Beastly: Lindy's Diary
I thought it might be a sensitive subject. He didn’t exactly seem like the type of guy who’d put buying peanuts and Cracker Jacks high on his priority list.
    Me: It’s true. Most of our Cracker Jack budget has been going for actual crack lately. But when I was
    little, we used to go.
    And then, I stopped joking and told him about how it was, back when my mom was alive. We were a
    normal family, my two sisters and I. Mom was a paralegal. Dad was an English teacher at Tuttle, which is
    how I got so interested in poetry and stuff like that. But then, when my mom died, he sort of freaked out, started doing drugs. Prescription stuff first, to help him sleep, but then, it was easier to get the other stuff.
    He got fired from Tuttle. My sister Sarah, who’d been going there, had to drop out and go to public
    school. She never forgave him. But when I got old enough to go to middle school myself, she told me we
    should call them, give them a guilt trip about firing my dad (even though, really, we knew they’d had no
    choice), get them to give me a scholarship. After all, I had the grades for it.
    That’s how I started going to Tuttle.
    “Did you like it?” Adrian asked, and that set off a whole other train of thought because, no, I hadn’t liked it. I’d hated it. I mean, yes, I’d been physically safe at Tuttle, unlike at my old school or even at home, but I hated going someplace where everyone was rich and beautiful and treated me like I was vaguely—if I’m
    honest here, not even vaguely—dirty compared to them just because I was poor. The fact is, here, in this
    apartment, where I’m being held prisoner, I’m actually happier than I’ve been in a long time, and these
    people—this freakish boy, blind man, and their maid—are the closest I’ve had to a real family since my
    mother died. We have dinner together.
    And yesterday, Magda taught Adrian and me to make flan for dessert. Will and I do yoga every morning,
    and we have a baseball pool going. For the first time in my life, I feel like I’m part of something. Maybe it’s Stockholm syndrome, but if so, I’m moving to Stockholm.
    Finally, I said, “No, I didn’t really like it. I mean, it was a good education, but the people there were snobs.”
    “I’m sorry,” he said.
    “What are you sorry about? They’d have been just as snobby to you.”

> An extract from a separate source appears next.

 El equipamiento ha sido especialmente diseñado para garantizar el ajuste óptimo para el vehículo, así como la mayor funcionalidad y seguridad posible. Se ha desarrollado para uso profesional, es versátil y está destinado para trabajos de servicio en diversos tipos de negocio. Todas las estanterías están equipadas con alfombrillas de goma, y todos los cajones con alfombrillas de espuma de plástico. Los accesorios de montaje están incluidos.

    More snobby, I was thinking. He looked thoughtful, and for a second, I was worried I’d hurt his feelings.
    But then he said, “Well, that’s obvious. Good thing neither of us have to go there, right?”
    And I agreed that it was a good thing, then changed the subject back to baseball. Fortunately, we had a lot to talk about.
    October 23
    Last year, when Kyle Kingsbury gave me that rose at the dance, I thought that whenever I smelled roses, I would think of him.
    I was wrong.
    It’s fall now. It has been three months since I came to live with Adrian, three months, studying every day in his rose garden. Now, the scent of roses has become hopelessly, irrevocably associated with Adrian.

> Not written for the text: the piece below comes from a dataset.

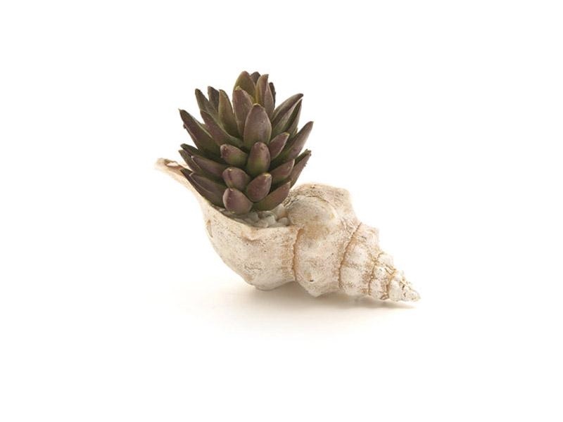 CONCHIGLIA C/PIANTA GRASSA CM16X12 VERDE/MARRONE

    Sometimes I think I’ve become used to it, and I ask him if we can study someplace else for a day, so the
    next day, I can experience it anew.
    It’s hard for me to believe I missed the beginning of school. I wonder if people have even noticed I’m
    gone. If they have, they probably just think I went back to my old school. I don’t miss Tuttle, where I was so invisible.
    Other Things I Don’t Miss
    —Guys lurking on our doorstep
    —Weird noises outside at night
    —My dad not coming home for days or nights on end
    —Being alone and frightened
    Sometimes I do worry about my father. I don’t know if he actually went to rehab. Chances are, he didn’t.
    But I push that fear back. After all, he ditched me here. I’ve at least earned the right not to obsess over him.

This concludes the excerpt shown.